Laura observa que a cidade já estava iniciando um relaxamento das medidas contra o coronavírus, mas admite estar assustada com o grande fluxo de visitantes.

"As pessoas vieram de Macapá, uma cidade grande, e ainda por cima em lanchas e navios lotados, sem distanciamento, e já tem macapaense curtindo nos bares. Hoje até foi tranquilo, pois choveu. Mas amanhã...", previa ela sobre o domingo (8). O tribunal onde a analista trabalha reduziu o horário de atendimento para garantir a segurança dos funcionários.

Celine Vaz foi uma das amapaenses que teve a ideia de se refugiar em Afuá, onde a avó mora. Ela tinha esperanças de que a energia voltaria rápido, mas ainda na quarta-feira (4), desistiu.

"Eu moro sozinha lá, em Marabaixo [bairro de Macapá] e fiquei isolada. Quem mora no centro teve mais facilidade de comunicação. Então fui com meu primo para o porto e já tinham dois barcos lotados, prontos para sair, com filas imensas", conta ela, ao lembrar que quem chegou depois só garantiu passagem para o dia seguinte.

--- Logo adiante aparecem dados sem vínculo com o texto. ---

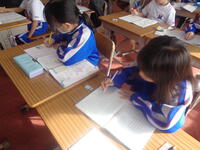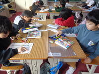 お友達と一緒に、算数のプリントや国語のお話作りを静かに取り組んでいます。

"Estavam todos desesperados, e o pior: aglomerados. Foi horrível", lamenta a estudante de 22 anos. Ao longo dos últimos dias, quem queria recarregar o celular no Amapá, como Celine, precisou ir para o aeroporto ou para o shopping center.

Neste domingo (8), 76% da energia elétrica já havia sido restabelecida no estado em sistema de rodízio, segundo o ministro Bento Albuquerque, de Minas e Energia.

Diferentemente de Laura Rauda, a cozinheira Ariédina Seixas afirma que sim, já viu a cidade lotada desse jeito antes.

"Tanta gente assim, só no Festival do Camarão", conta. É a principal festa da cidade, quando os comerciantes faturam alto com o turismo.

O Festival ocorre sempre em julho, mas foi cancelado em 2020 por conta da pandemia, para a tristeza dos empreendimentos locais.

"Como 2020 foi difícil, muitos estão olhando a tragédia do apagão com a mesma visão do festival, acredita? A ganância de dinheiro. É o que explica os barcos e bares cheios de gente. Mas só vamos ver o resultado disso daqui uns dias", avalia ela, que segue em isolamento social. Afuá registrou mais de 2 mil casos do novo coronavírus e 17 óbitos.

O prefeito Mazinho Salomão (PSD) disse compreender a preocupação dos afuaenses, mas considerou inviável qualquer tipo de bloqueio.

"Quando chegou no pico do vírus em Macapá, nós fechamos a ilha. É uma preocupação, claro, mas se optássemos por fechar tudo, poderíamos ficar sem abastecimento de alimentos", avalia, que também considera a cidade muito dependente do Amapá na área da saúde.

Aliviado com o gradual retorno da energia do outro lado do rio Amazonas, o prefeito conta que é nessas horas que se reconhecem os irmãos.

"Somos muitos próximos, unidos pelo rio. Muitos que vieram possuem familiares aqui e alguns são da terra. Fizemos o que deveria ser feito, sendo o povo hospitaleiro que sempre fomos", contou ele. De acordo com a prefeitura, mais de 400 amapaenses já retornaram para casa até a noite de domingo.